Trying to understand what purpose God had for me started here. I sought out a set of people I respected for their character and trusted for their candor and asked them for three things. I asked them to describe me in one word adjectives, tell me what they thought I did well or had a natural talent for and site examples how I positively impacted others. I did a self assessment on the same criteria and compared my perceptions with theirs. The difference between our assessments was astounding. Things I took for granted or discarded as irrelevant were the exact things that they found of most value. For the first time I was able to see, in tangible examples, what I had to offer to others.

The next thing I did was a series of tryouts. It is one thing to have a scouting report but testing that reports accuracy is another matter. I setup little drills or events in my work, home and church where I could use the gifts and talents written in my assessments. As I began participating in the different activities, feelings of validation and success poured upon me. Some activities tested my courage like teaching Bible studies, giving testimony and sharing personal essays with the world. I was growing in confidence for where my value could be expressed, although not everything in my scouting reports were accurate.

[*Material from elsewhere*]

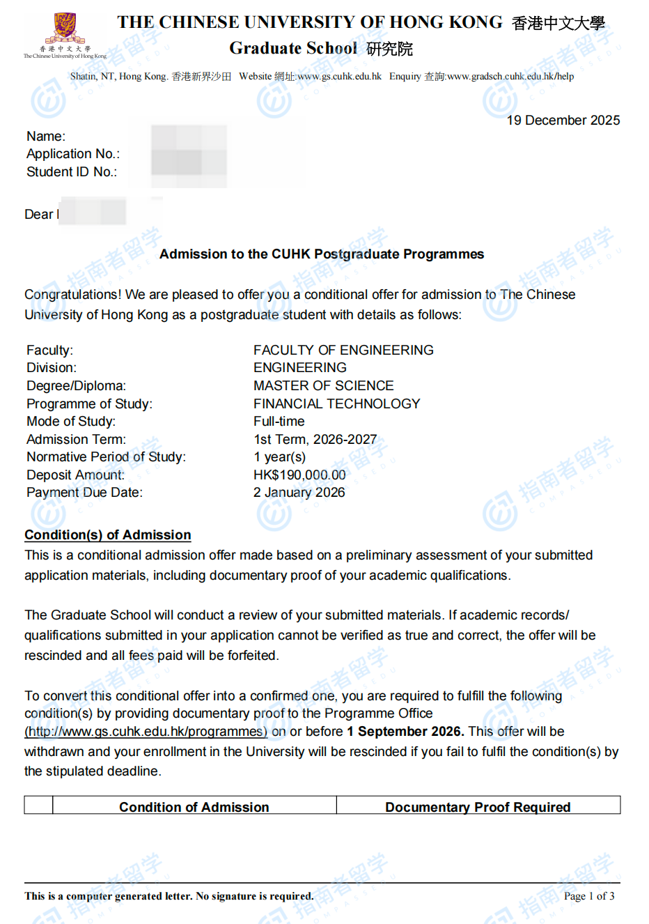 香港中文大學(xué)金融科技理學(xué)碩士研究生offer一枚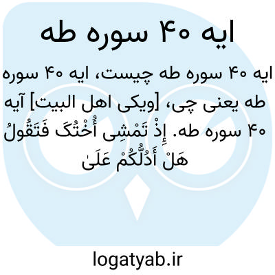 [ویکی اهل البیت] آیه 40 سوره طه. إِذْ تَمْشِی أُخْتُکَ فَتَقُولُ هَلْ أَدُلُّکُمْ عَلَیٰ مَنْ یَکْفُلُهُ ۖ فَرَجَعْنَاکَ إِلَیٰ أُمِّکَ کَیْ تَقَرَّ عَیْنُهَا وَلَا تَحْزَنَ ۚ وَقَتَلْتَ نَفْسًا فَنَجَّیْنَاکَ مِنَ الْغَمِّ وَفَتَنَّاکَ فُتُونًا ۚ فَلَبِثْتَ سِنِینَ فِی أَهْلِ مَدْیَنَ ثُمَّ جِئْتَ عَلَیٰ قَدَرٍ یَا مُوسَیٰ

The last thing I had to do was understand what God was doing around me. I had a good tryout and training camp, and now had to join with God on what He was already doing. I spent time to understand my church and community more and see where in God’s work I could apply the gifts He gave me. This may seem like an obvious thing to do but I believe that many people miss it and take their talents back for their own purposes. The major test for me was our youth mission trip to Mexico because it was the one thing that I was adamant about not joining, and, of course, the very thing God pushed at me.

I was made the mission director by our pastor for a program that did not exist. I had no experience with this and found myself in the dual position of trusting God and trusting the gifts He gave me. A team had to be created and trained. Leaders had to be assigned and mentored. Fundraisers organized and conducted. Field work completed and the team brought home safely. It is an amazing amount of work but our team was even more amazing in their success. For me this was the championship game and I made a whole lot of errors. At times I felt close to failure but God remained true, leading me and through me the team.

This latest transformation in my life, starting close to three years ago, was not easy. I had to throw many false hopes and dreams away in order to cling to those God had for me. I suspect there are still a few of those I have to discard or have torn away from me. I want to be an encouragement, if I can, and confirm the rewards for being close to God and being used by God for God are without compare to what you can produce on your own.

Looking externaly, my life is not much different than before. I have a good career and loving family. I have about the same community of people around me and live in the same house. The differences from then and now are internal. Food will never taste so good, music sound as pure or love be as warm as when you take them from God’s hand and enjoy them at God’s table.